Again we see Hagar in the wilderness, now she had a small child in her hand. Sarah called the shots and challenged the pliant Abraham: “Cast out this bondwoman, oh Abraham!” (Genesis 21:10). Again, Hagar is in tears, and sufficiently mortified by this second-time abandonment. In this distress, God graciously appeared for the relief of the abandoned mother-and-son. The angel once again assured Hagar that the God of Mercy heard the voice of the lad, and the angel assures her that God will never abandon them. God has heard the voice of the lad and his mother, just where they are; in the desolateness of the wilderness and in the poverty of the barren desert. No problems are too difficult for the Merciful Lord of the Resurrection and of Second Chances to deal with, therefore we who are like Hagar must stop mourning and seek in the Tender Risen Lord Who can make all things new and Who can “save us even to the uttermost” from even in our most adverse circumstances. (Hebrews 7:25). This wilderness was not the Golgotha of Christ, but this was the Golgotha and Calvary of Hagar and her pitiful son Ishmael. Jesus, the Messiah told St. John, the Evangelist, “Behold this is your mother” and He likewise told our Blessed Mother Mary, “This is your son”. Jesus created a beautiful community of the hurting and the downtrodden at the foot of the cross. Likewise in the Arabian wilderness, Hagar and Ishmael formed a new community—The Arabian race, a new race that was also promised by God prosperity over the face of the earth (See Genesis 16:11-12). God protected the orphaned mother and the abandoned lad. A beautiful community is formed out of orphans and of the abandoned showing to us that the God of Mercy is the Father of the fatherless, Mother of the motherless, Parent of hapless foundlings, Protector of widows, Defender of the abandoned. (Psalms 68:5).

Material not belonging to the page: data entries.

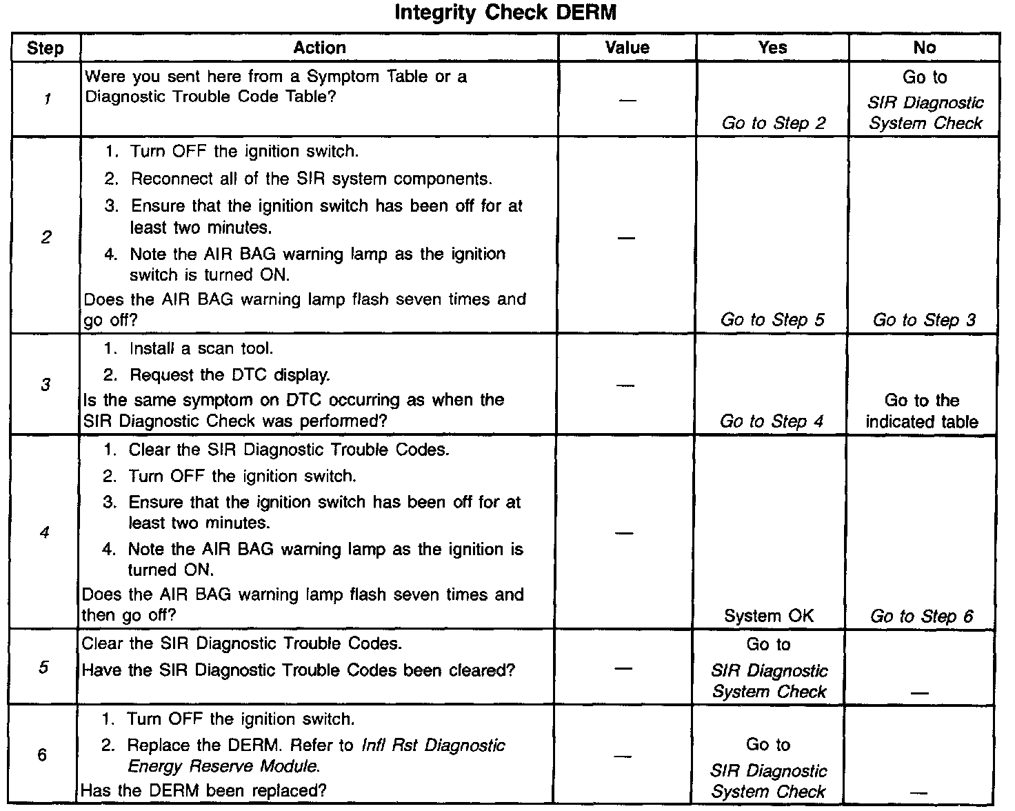 5. The symptom or DTC is no longer occurring. The condition may be intermittent or was inadvertently repaired during diagnosis of the SIR system. Refer to Intermittents and Poor Connections.
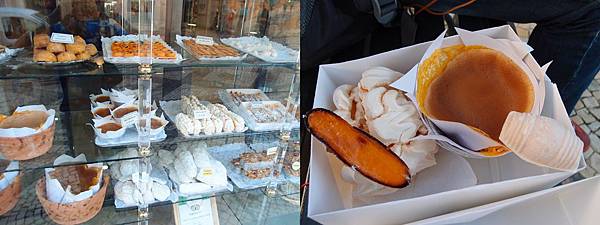 回到起點落船, 開始漫步四圍逛。可能是平日關係, 遊人不多, 四圍環境幽靜。不久便到達著名的甜品店 Confeitaria Peixinho。廚窗糕點琳琅滿目, 隨便點了幾款共€4, 當然包括Aveiro特產 ovos moles 軟蛋糕, 小小木桶形狀,內餡是由蛋黃及奶油, 不是很甜, 值得一試。
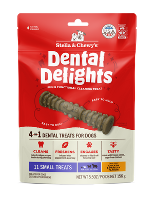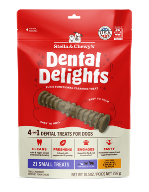 Stella & Chewy’s Dental DelightsTM put the ‘fun’ in cleaning your dog’s teeth! They are specially designed with ridges and nubs for flossing and scraping and include peppermint & parsley for fresh breath. Unlike other dental treats, they also roll for extra mental stimulation, AND with tasty freeze-dried, cage-free chicken, your pup will be begging for more teeth cleaning time!
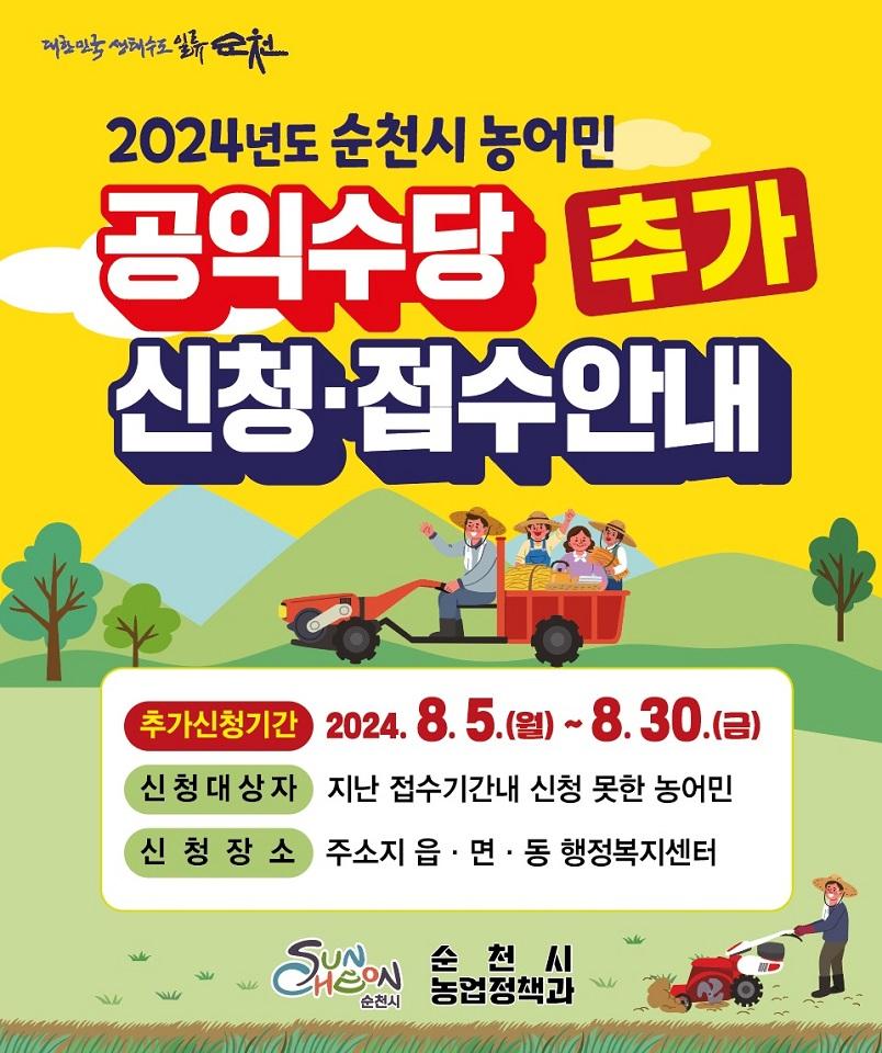 [°ø°£´º½º = ±è¿ëÁø±âÀÚ] ¼øÃµ½Ã(½ÃÀå ³ë°ü±Ô)´Â ¿À´Â 5ÀϺÎÅÍ 30ÀϱîÁö ³ó¾î¹Î °øÀͼö´ç ¼ö±Þ ÀÚ°Ý¿ä°ÇÀ» °®Ãá ³ó¾î¹ÎÀ» ´ë»óÀ¸·Î Ãß°¡½ÅûÀ» Á¢¼öÇÑ´Ù°í ¹àÇû´Ù.
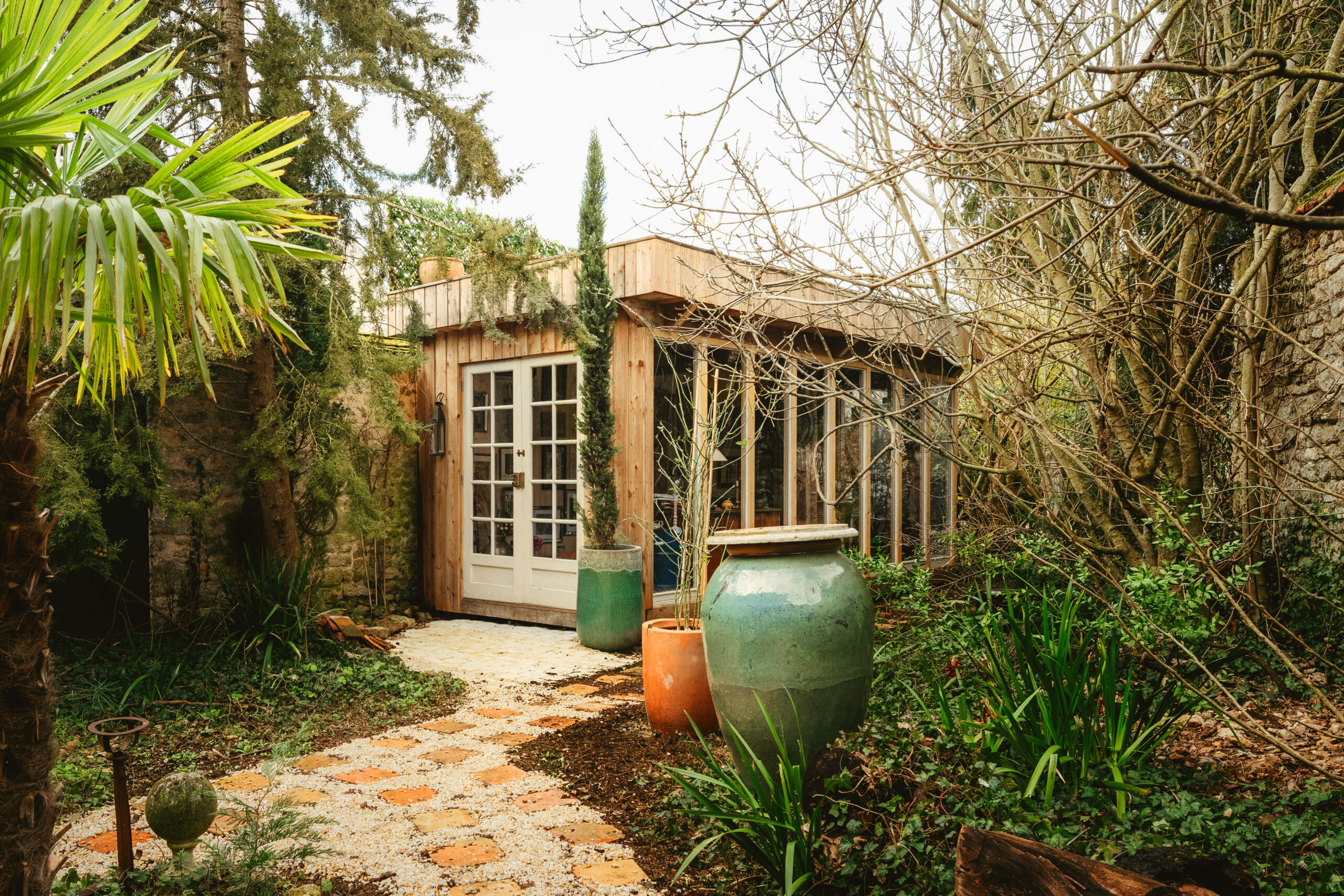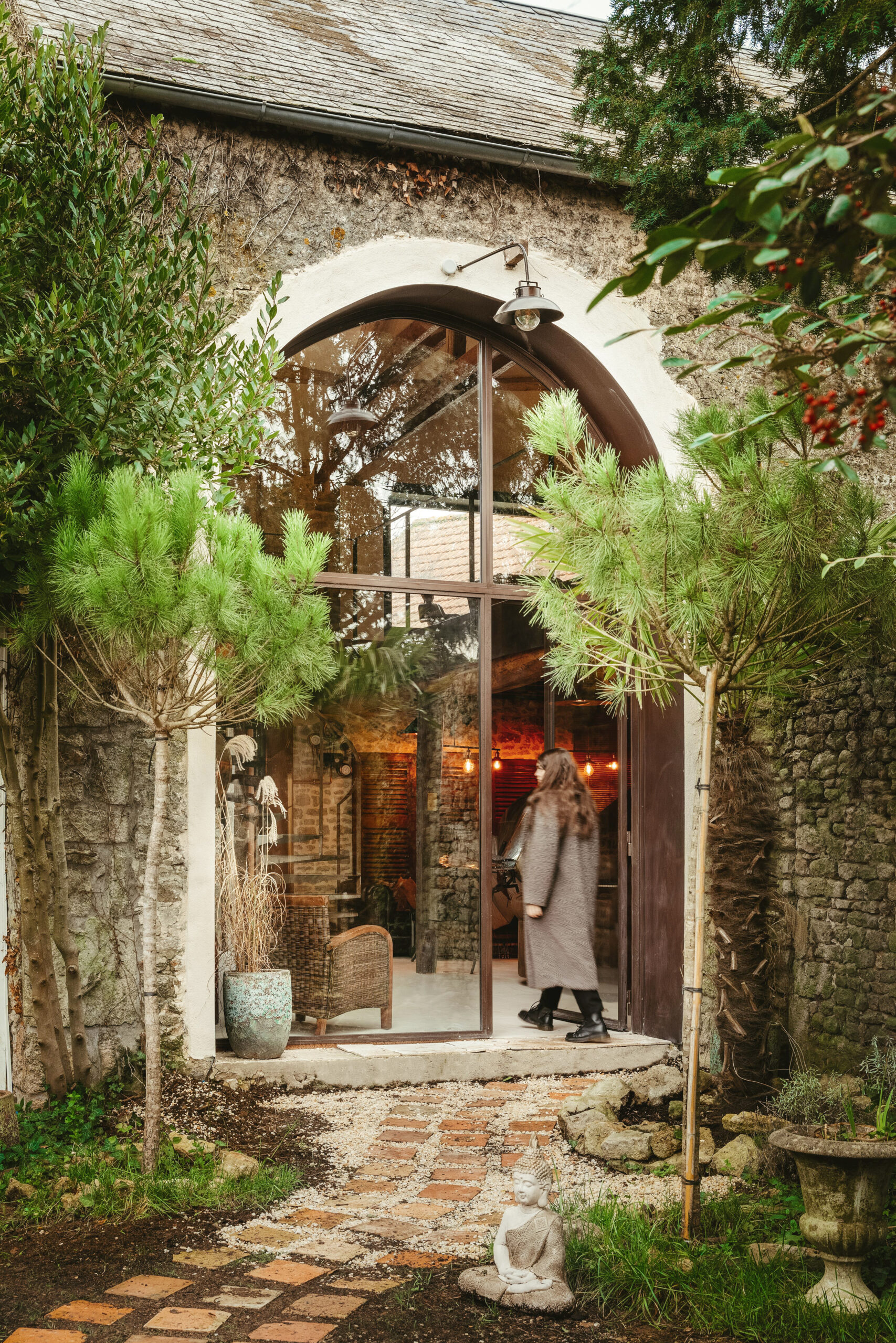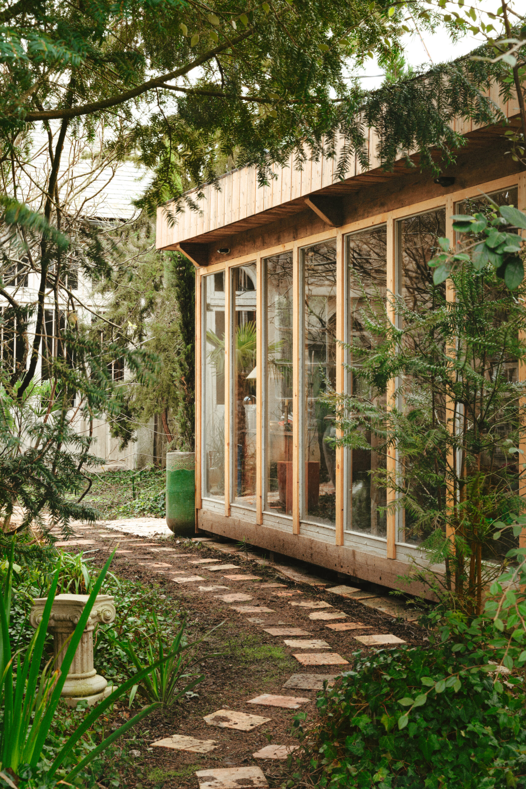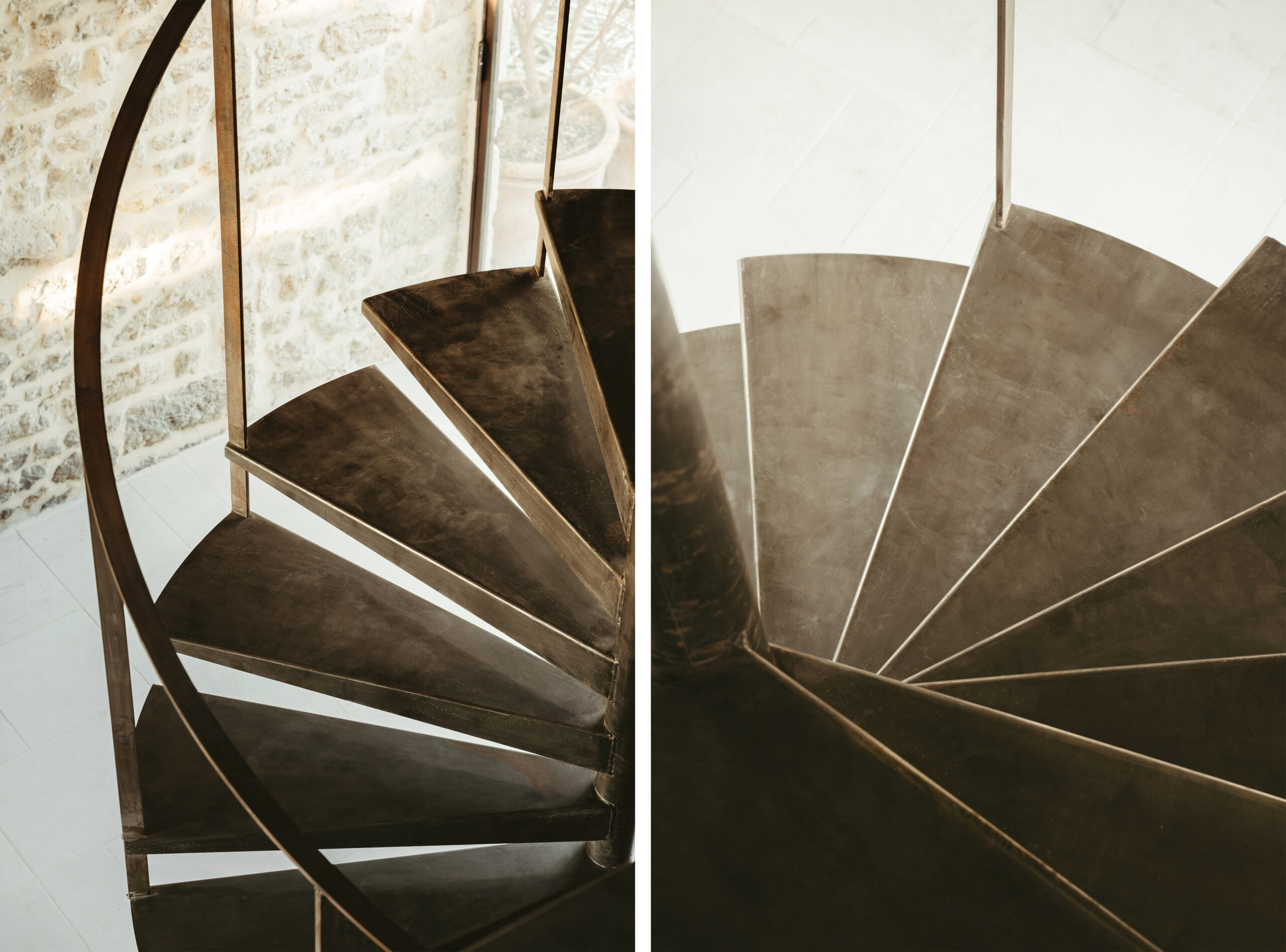 Restructuration d’une grange mitoyenne abandonnée en cœur de village, laissant place à un espace dédié à la musique et un salon en mezzanine. D’origine la bâtisse était divisée en deux étages, séparée par un grenier. La moitié du plancher a été retirée pour créer une double hauteur tout en réutilisant les matériaux déposés pour un projet d’annexe: la récupération du plancher bois et de certaines anciennes fenêtres a servi à la fabrication de cet atelier de peinture dans l’esprit d’un cabanon. Le traitement architectural sur la grange fait référence à l’ancienne utilisation du lieu pour l’agriculture et notamment le passage des machines, d’où la création des grandes ouvertures en face de l’ancienne double porte en bois pour l’accès des tracteurs. Ces percements permettent aux deux jardins de part et d’autres de dialoguer en ouvrant des vues sur le paysage. La serrurerie et la métallerie ont intentionnellement été conçues avec des aciers de faible épaisseur pour effacer les interventions contemporaines sur la construction et conserver au mieux le caractère de la pierre sèche apparente des façades.
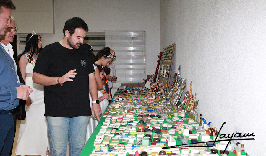 El alcalde, Joaquín Zapata, y una representación de la corte real de las Fiestas del Rosario inauguraron la exposición de colecciones de objetos que organiza Fundación Vedruna y que tiene como marco la antigua sede del Registro de la Propiedad en la calle Mayor de La Unión.
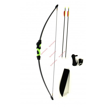 Классический лук для начинающих лучников. Рукоять сделана из прочного твердого пластика. Плечи сделаны из текстолита, что обеспечивает равномерную натяжку лука. Лук выкрашен в черный, на рукояти имеются прорезиненные вставки, выкрашенные в салатовый цвет. Особенность данной модели является то, что лук может использовать как правша, так и левша.
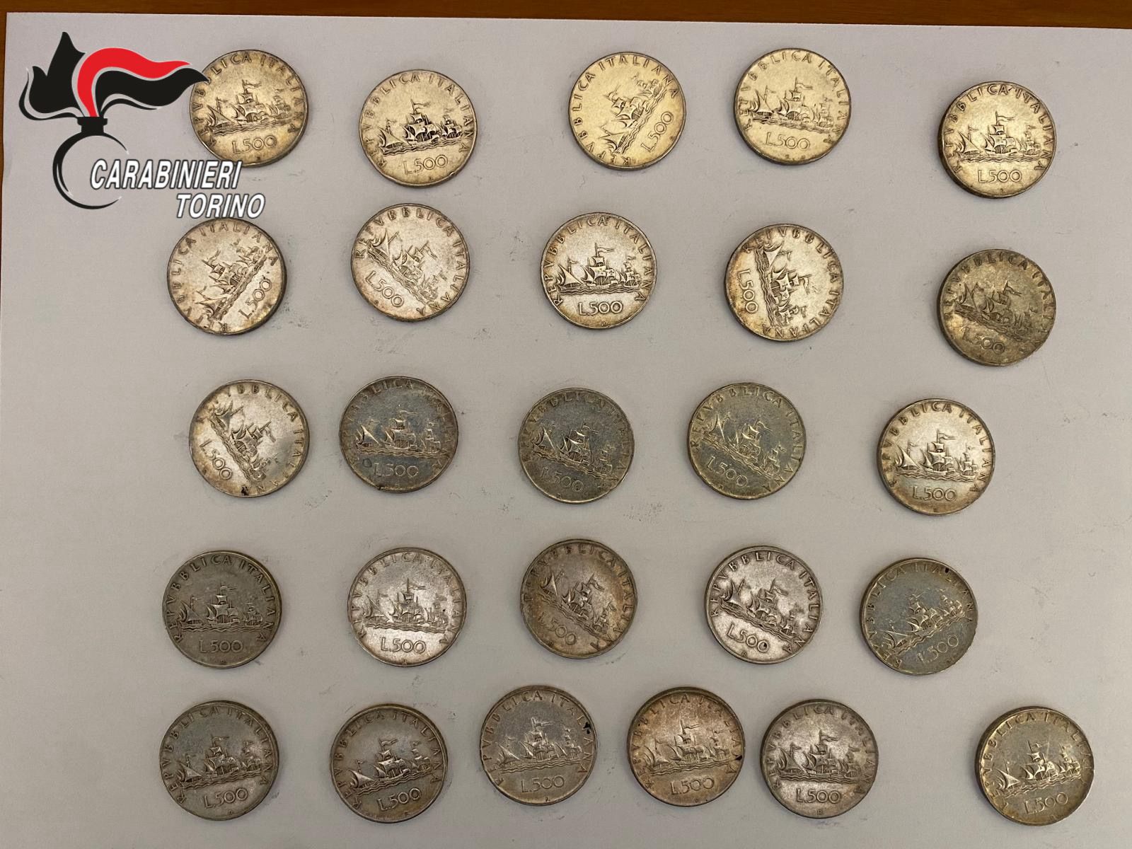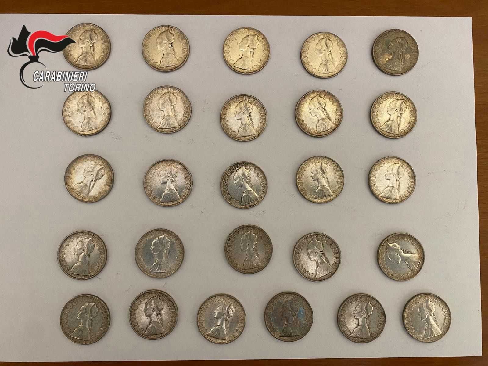 Nell’abitazione dei coniugi di Montalenghe, i militari hanno trovato in un armadio sette bombolette spray al peperoncino, mascherine chirurgiche, ricetrasmittenti con auricolari, un detector di gas falso, tesserini contraffatti con il logo dell’Arma, un berretto, guanti, pettorine catarifrangenti e mazzi di adesivi alfanumerici, probabilmente utilizzati per alterare targhe di veicoli impiegati durante i colpi. Accanto a questo, 640 euro in contanti, in banconote di diverso taglio. Il quadro si è aggravato quando, sotto il sedile posteriore dell’auto, i carabinieri hanno rinvenuto 26 monete d’argento da 500 lire di dubbia provenienza, mentre in casa è stata scoperta una pianta di marijuana alta un metro e venti, anch’essa finita sotto sequestro.
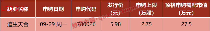 配资网站本周(9月29日—10月3日)有1只新股发行。周一:道生天合。

Because of Hagar’s intimate relationship with God in tears and in weeping, God as the Emancipator of the oppressed has fully liberated her and rescued her from shame and ignominy of that pretentious house of Abraham. The purpose of our inner communion with God in times of our trouble and disgrace is to find solace in having such a Merciful Helper near us. In the words of the Psalms: “God is our Refuge and Strength, a very present help in trouble.” (Psalms 46:1). To briefly summarize; what we learn from Hagar are these beautiful and precious truths: a.) Despite all the things that I have gone through, whether they be painful or joyful, I have a sure place in the merciful and loving heart of our God of Mercy and Compassion. b.) God promises future hopeful prospects for all those who are suffering and for all those who thought that their lives do not have any hope. c.) In the midst of the parched desert we are in, when we simply open our eyes in faith, we will see the Spring of Life, which is our reason to live, a goal to continue on with life, and a hope to joyfully anticipate. d.) And most of all, God will always stretch His mighty arms to defend the oppressed and embrace them right where they are—healing them of all the pain they have experienced in life and rectifying the injustices and inequities committed by the oppressors against them; for God is always the God who sides with the poor, the downtrodden and the oppressed…

To close our reflections on the life of the oppressed servant girl Hagar and the provision of God’s liberating love that frees her from the oppressive situations surrounding her, let us now sincerely pray for the Indigenous Peoples (IPs) and Lumads of our country that God will fight on their side against those heartless people who continually oppress them. We pray that God will give the the Lumads principled courage so that they will continually strive to protect their basic freedoms especially their intrinsic right for self-determination, the right of their ancestral domains, and the right to live unimpeded in the sacred land of their own ancestors. Let us pray that as believers of a God Who is the Liberator of the oppressed, we will be on God’s side in defending the Lumads from their oppressors who are hiding within the greedy, unjust and cruel echelons of State and military power. Amen, a thousand times Amen!